Во второй картине рассказывалось о жизни в тюрьме «Девилз-Айленд». Енох вцепился руками в подлокотники кресла – чтобы не упасть за перила.
Третий фильм назывался «Возвращение Лонни». В нем бабуин по кличке Лонни спас симпатичных детишек из горящего приюта. Енох до последнего надеялся, что бабуин сгорит, но тот даже не обжегся. В конце милая девочка наградила Лонни медалью. Этого Енох уже не вынес – он нырнул в темный тоннель, пролетел через два верхних прохода и стремглав помчался на улицу через фойе. Едва легких коснулся свежий воздух, как он упал на землю.
Придя в себя, Енох обнаружил, что сидит, привалившись спиной к стене кинотеатра. Более он не желал отлынивать от обязанностей. Была ночь, и он чувствовал: неизбежное знание почти получено. Енох полностью смирился с судьбой.
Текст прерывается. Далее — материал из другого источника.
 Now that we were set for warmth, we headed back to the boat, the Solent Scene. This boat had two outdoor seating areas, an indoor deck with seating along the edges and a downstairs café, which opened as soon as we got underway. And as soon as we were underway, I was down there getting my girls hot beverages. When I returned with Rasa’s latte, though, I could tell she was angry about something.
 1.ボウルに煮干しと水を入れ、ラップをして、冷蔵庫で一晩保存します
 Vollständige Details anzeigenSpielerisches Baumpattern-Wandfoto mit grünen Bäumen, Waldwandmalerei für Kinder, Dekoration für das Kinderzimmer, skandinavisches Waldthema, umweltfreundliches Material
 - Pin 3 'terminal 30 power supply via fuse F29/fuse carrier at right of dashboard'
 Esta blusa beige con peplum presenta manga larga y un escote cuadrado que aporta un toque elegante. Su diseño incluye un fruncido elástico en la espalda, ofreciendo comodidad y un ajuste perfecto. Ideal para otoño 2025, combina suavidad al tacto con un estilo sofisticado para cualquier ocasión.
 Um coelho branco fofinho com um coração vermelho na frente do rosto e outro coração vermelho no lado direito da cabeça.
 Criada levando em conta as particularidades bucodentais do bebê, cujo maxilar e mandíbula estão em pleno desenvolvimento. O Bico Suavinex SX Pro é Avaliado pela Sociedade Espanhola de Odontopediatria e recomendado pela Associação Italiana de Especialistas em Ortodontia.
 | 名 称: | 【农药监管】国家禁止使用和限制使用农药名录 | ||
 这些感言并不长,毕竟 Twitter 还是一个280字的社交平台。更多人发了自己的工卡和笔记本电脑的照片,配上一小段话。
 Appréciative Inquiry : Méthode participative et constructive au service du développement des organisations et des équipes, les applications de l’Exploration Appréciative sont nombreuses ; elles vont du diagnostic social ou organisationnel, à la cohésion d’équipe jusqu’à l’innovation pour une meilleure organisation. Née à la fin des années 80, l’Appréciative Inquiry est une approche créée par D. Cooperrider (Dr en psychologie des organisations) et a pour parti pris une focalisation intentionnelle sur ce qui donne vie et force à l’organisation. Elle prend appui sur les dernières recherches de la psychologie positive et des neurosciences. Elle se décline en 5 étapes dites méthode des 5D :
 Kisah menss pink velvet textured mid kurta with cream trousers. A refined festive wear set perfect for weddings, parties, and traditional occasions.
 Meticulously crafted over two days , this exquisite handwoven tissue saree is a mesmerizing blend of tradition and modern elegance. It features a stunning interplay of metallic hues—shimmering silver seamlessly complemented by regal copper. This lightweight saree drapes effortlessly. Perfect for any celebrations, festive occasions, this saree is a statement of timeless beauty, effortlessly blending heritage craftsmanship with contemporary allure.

Он просидел еще минут двадцать, потом встал и побрел вниз по улице, словно бы его вела неуловимая для других мелодия или звуки свистка, слышимые только собакам.
Пройдя два квартала, Енох остановился и посмотрел на другую сторону улицы – там, под фонарем, стояла машина крысиного цвета. На крышку капота взобралась темная фигура в ослепительно-белой шляпе. Она размахивала руками с бледными, почти в тон шляпе, кистями.
– Хейзел Моутс! – выдохнул Енох, и его сердце задергалось в груди, словно молоточек звонка.
Возле машины собралось несколько человек. Енох не знал, что Хейзел Моутс основал Церковь Бесхристовую и что он каждый вечер проповедует на улице. Енох не видел Хейзела с тех пор, как показал ему мумию в витрине музея.
– Если вы спасены, – кричал Хейзел Моутс, – вы бы думали об искуплении, но вы о нем не помышляете! Загляните внутрь себя и увидите: вы не спасены. Не было спасения. Для спасенных мира нет, а я проповедую мир. Проповедую для Церкви Бесхристовой, церкви мирной и удовлетворенной.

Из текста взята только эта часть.